● WHAT TO PRODUCE
Find the line with "我們構建了若干個電源管理參考" in the data below. Repeat it and every line after it up to the end, exactly, but drop the pictures.

● Data extracted from a collection
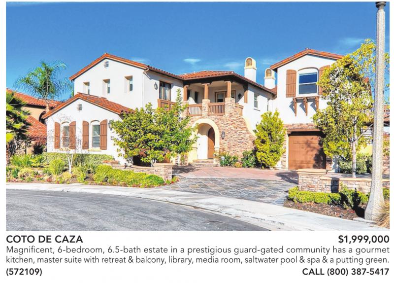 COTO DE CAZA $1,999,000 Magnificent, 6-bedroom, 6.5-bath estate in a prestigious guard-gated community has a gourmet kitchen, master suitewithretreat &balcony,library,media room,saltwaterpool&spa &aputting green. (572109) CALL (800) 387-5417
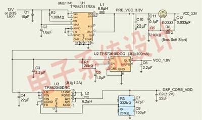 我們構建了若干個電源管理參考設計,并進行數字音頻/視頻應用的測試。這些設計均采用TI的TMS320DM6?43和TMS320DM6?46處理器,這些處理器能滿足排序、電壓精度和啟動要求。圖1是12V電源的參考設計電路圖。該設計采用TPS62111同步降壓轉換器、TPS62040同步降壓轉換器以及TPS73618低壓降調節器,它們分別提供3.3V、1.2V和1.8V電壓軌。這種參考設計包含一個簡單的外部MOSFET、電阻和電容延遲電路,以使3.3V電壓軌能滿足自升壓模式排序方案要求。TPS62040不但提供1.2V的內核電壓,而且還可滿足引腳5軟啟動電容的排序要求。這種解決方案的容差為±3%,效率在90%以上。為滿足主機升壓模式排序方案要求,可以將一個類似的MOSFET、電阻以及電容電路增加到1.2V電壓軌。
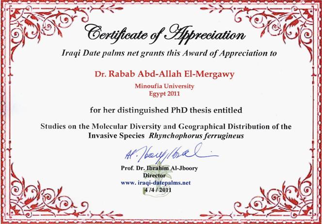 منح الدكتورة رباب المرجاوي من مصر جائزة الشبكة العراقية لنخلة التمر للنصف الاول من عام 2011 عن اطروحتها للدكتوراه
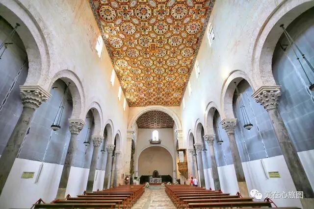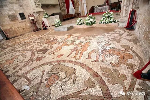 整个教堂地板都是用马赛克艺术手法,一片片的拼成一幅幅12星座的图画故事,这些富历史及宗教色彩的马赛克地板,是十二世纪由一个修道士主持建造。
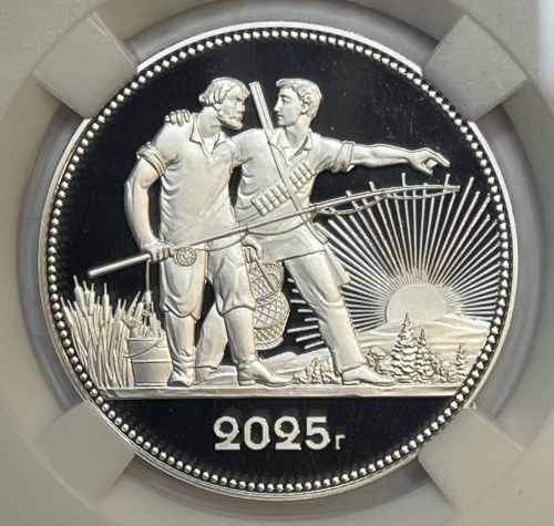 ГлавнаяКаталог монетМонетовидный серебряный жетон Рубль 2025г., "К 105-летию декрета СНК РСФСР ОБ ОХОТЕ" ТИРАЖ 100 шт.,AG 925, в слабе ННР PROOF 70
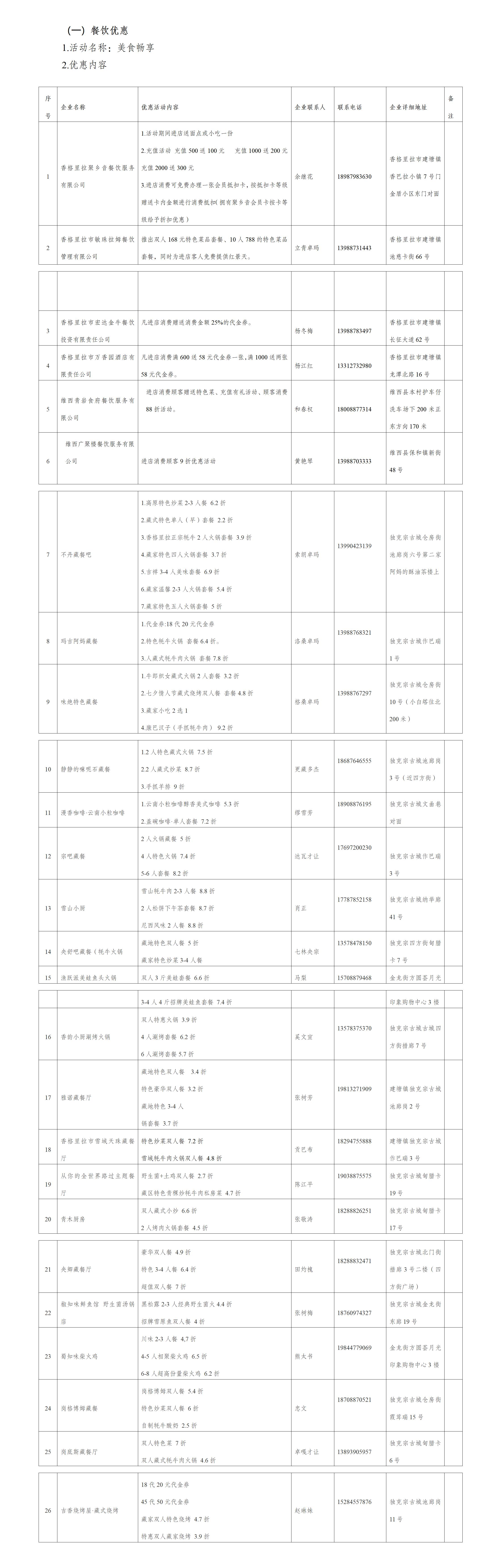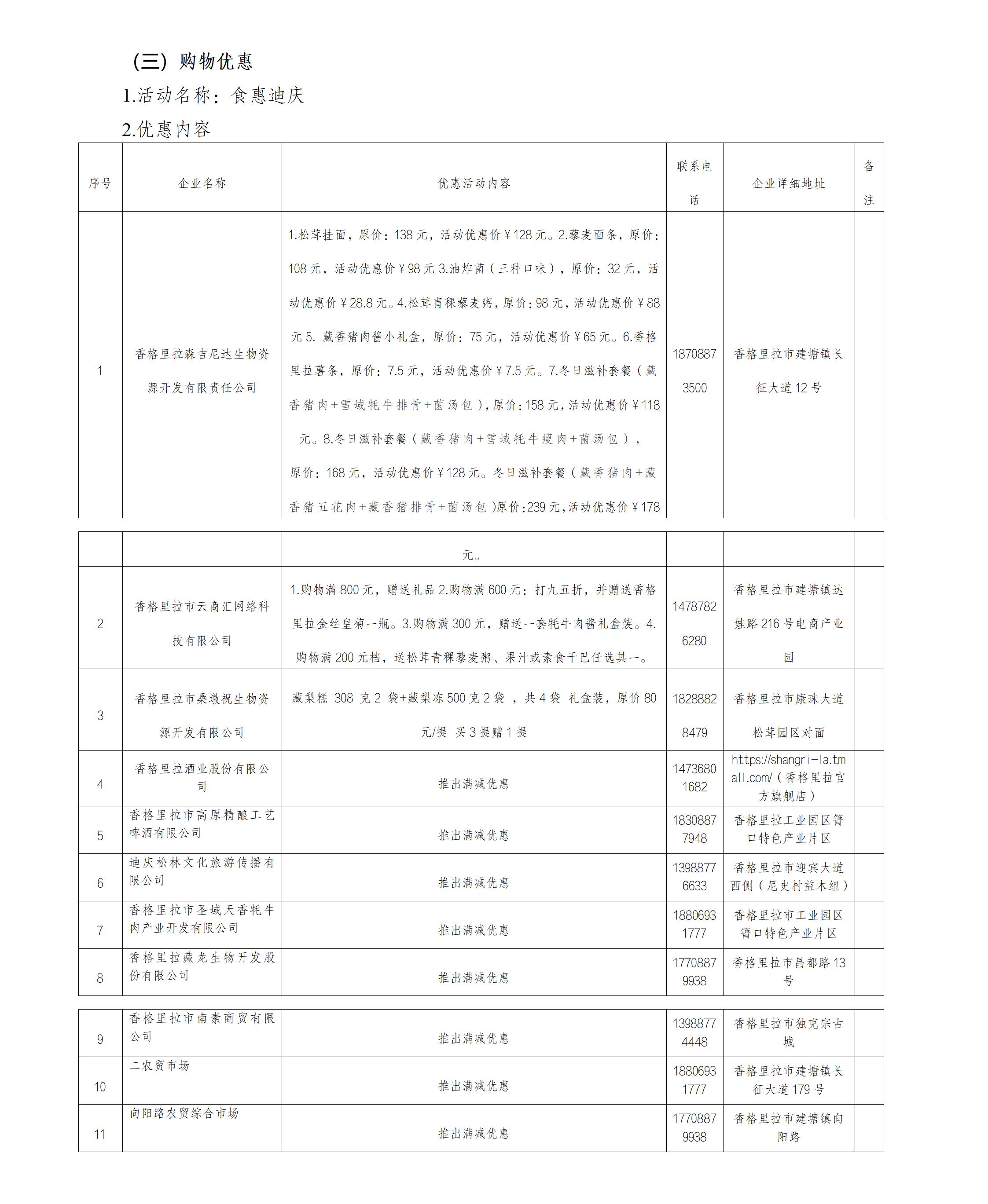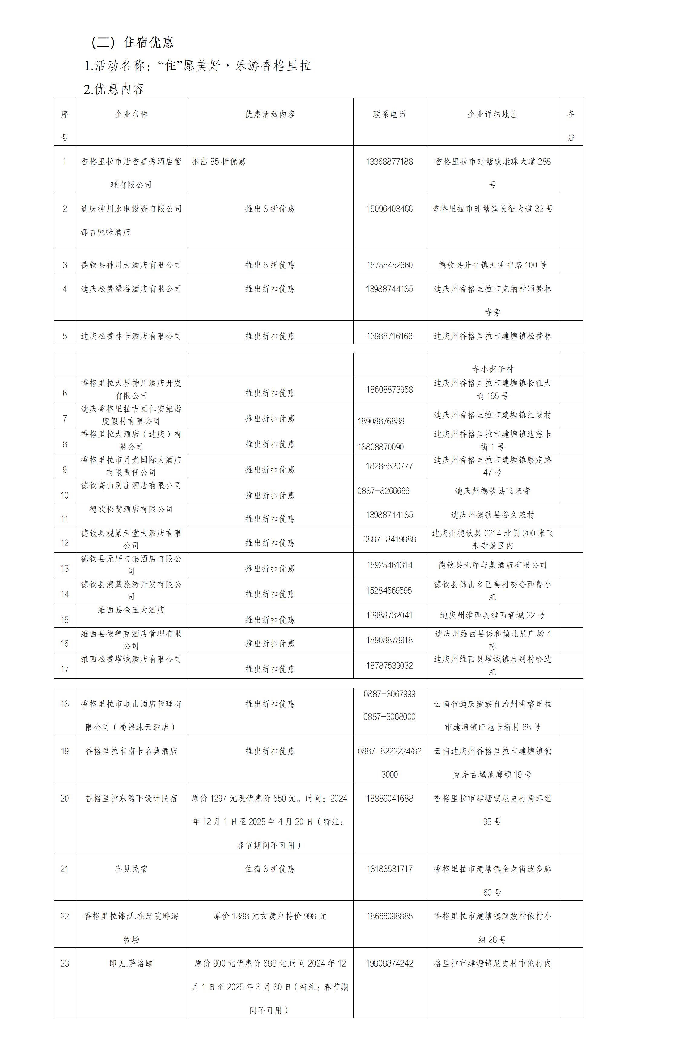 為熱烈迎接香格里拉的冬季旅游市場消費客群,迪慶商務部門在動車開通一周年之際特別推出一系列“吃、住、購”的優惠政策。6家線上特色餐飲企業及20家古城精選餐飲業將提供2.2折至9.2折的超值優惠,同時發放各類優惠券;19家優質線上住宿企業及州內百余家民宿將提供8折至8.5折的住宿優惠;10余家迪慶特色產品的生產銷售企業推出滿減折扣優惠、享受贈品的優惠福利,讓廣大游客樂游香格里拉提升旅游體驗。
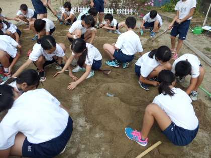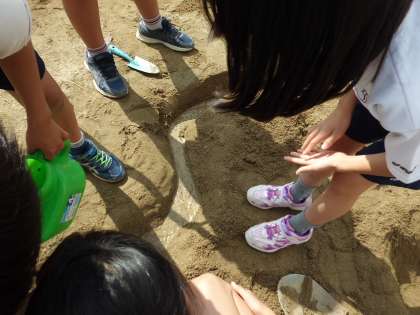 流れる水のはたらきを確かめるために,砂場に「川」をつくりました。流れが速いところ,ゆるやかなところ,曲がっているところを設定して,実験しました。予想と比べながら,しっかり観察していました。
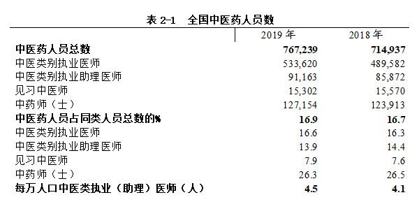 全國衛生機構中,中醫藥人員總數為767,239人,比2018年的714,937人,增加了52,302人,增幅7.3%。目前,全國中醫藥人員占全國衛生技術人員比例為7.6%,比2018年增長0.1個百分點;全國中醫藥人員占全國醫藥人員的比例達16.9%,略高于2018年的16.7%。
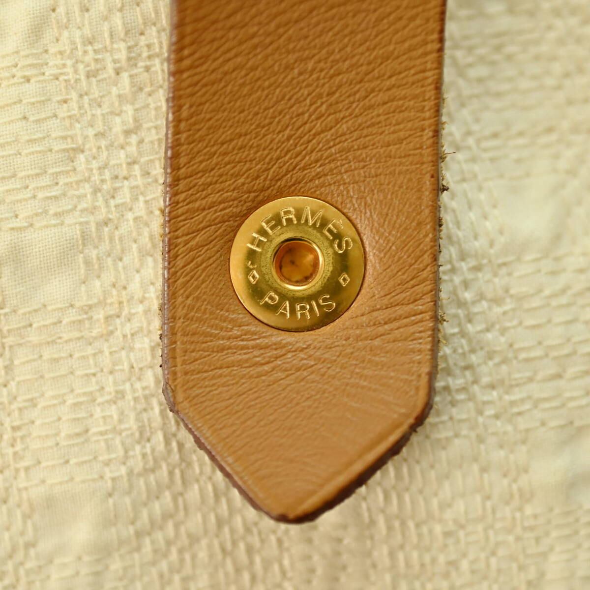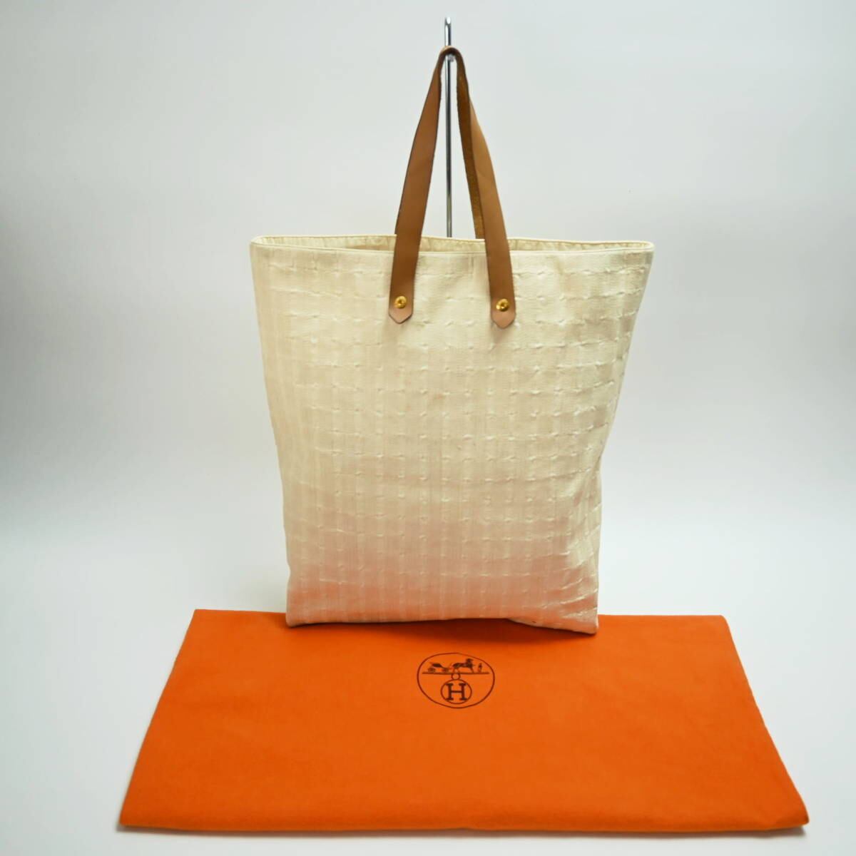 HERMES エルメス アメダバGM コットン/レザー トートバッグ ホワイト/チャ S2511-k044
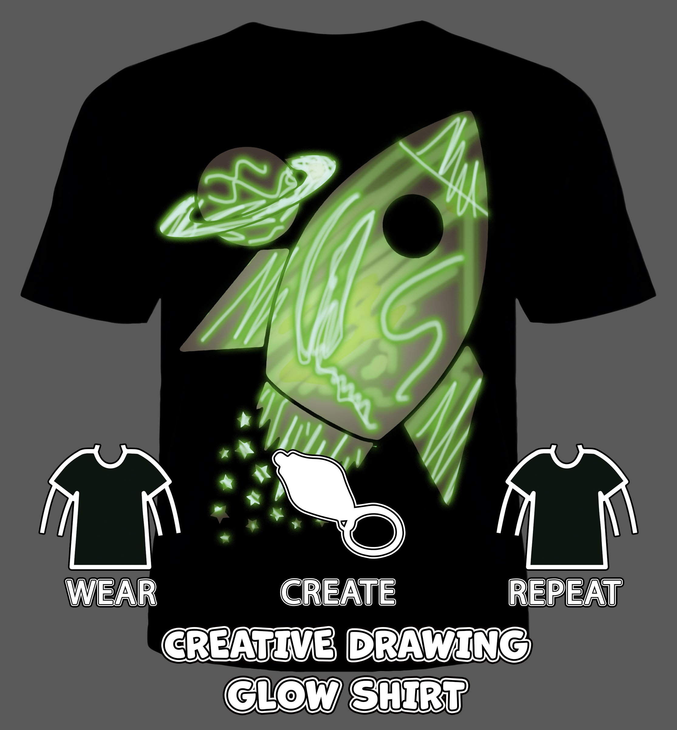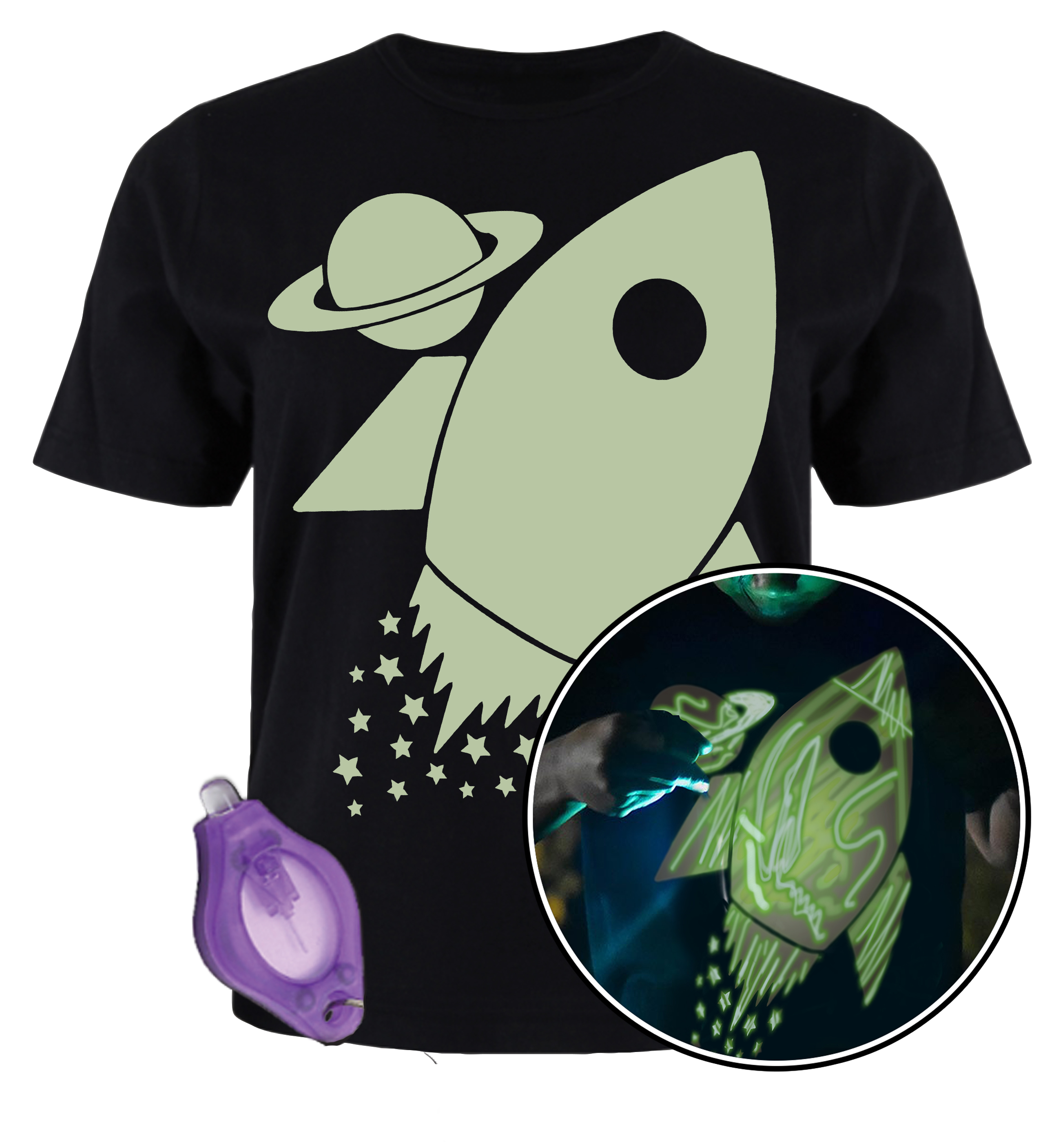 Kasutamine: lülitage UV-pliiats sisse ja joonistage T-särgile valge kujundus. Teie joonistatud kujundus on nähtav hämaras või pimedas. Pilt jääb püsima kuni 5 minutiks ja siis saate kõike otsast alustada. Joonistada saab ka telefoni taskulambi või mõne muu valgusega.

● YOUR RESPONSE
 我們構建了若干個電源管理參考設計,并進行數字音頻/視頻應用的測試。這些設計均采用TI的TMS320DM6?43和TMS320DM6?46處理器,這些處理器能滿足排序、電壓精度和啟動要求。圖1是12V電源的參考設計電路圖。該設計采用TPS62111同步降壓轉換器、TPS62040同步降壓轉換器以及TPS73618低壓降調節器,它們分別提供3.3V、1.2V和1.8V電壓軌。這種參考設計包含一個簡單的外部MOSFET、電阻和電容延遲電路,以使3.3V電壓軌能滿足自升壓模式排序方案要求。TPS62040不但提供1.2V的內核電壓,而且還可滿足引腳5軟啟動電容的排序要求。這種解決方案的容差為±3%,效率在90%以上。為滿足主機升壓模式排序方案要求,可以將一個類似的MOSFET、電阻以及電容電路增加到1.2V電壓軌。
 منح الدكتورة رباب المرجاوي من مصر جائزة الشبكة العراقية لنخلة التمر للنصف الاول من عام 2011 عن اطروحتها للدكتوراه
 整个教堂地板都是用马赛克艺术手法,一片片的拼成一幅幅12星座的图画故事,这些富历史及宗教色彩的马赛克地板,是十二世纪由一个修道士主持建造。
 ГлавнаяКаталог монетМонетовидный серебряный жетон Рубль 2025г., "К 105-летию декрета СНК РСФСР ОБ ОХОТЕ" ТИРАЖ 100 шт.,AG 925, в слабе ННР PROOF 70
 為熱烈迎接香格里拉的冬季旅游市場消費客群,迪慶商務部門在動車開通一周年之際特別推出一系列“吃、住、購”的優惠政策。6家線上特色餐飲企業及20家古城精選餐飲業將提供2.2折至9.2折的超值優惠,同時發放各類優惠券;19家優質線上住宿企業及州內百余家民宿將提供8折至8.5折的住宿優惠;10余家迪慶特色產品的生產銷售企業推出滿減折扣優惠、享受贈品的優惠福利,讓廣大游客樂游香格里拉提升旅游體驗。
 流れる水のはたらきを確かめるために,砂場に「川」をつくりました。流れが速いところ,ゆるやかなところ,曲がっているところを設定して,実験しました。予想と比べながら,しっかり観察していました。
 全國衛生機構中,中醫藥人員總數為767,239人,比2018年的714,937人,增加了52,302人,增幅7.3%。目前,全國中醫藥人員占全國衛生技術人員比例為7.6%,比2018年增長0.1個百分點;全國中醫藥人員占全國醫藥人員的比例達16.9%,略高于2018年的16.7%。
 HERMES エルメス アメダバGM コットン/レザー トートバッグ ホワイト/チャ S2511-k044
 Kasutamine: lülitage UV-pliiats sisse ja joonistage T-särgile valge kujundus. Teie joonistatud kujundus on nähtav hämaras või pimedas. Pilt jääb püsima kuni 5 minutiks ja siis saate kõike otsast alustada. Joonistada saab ka telefoni taskulambi või mõne muu valgusega.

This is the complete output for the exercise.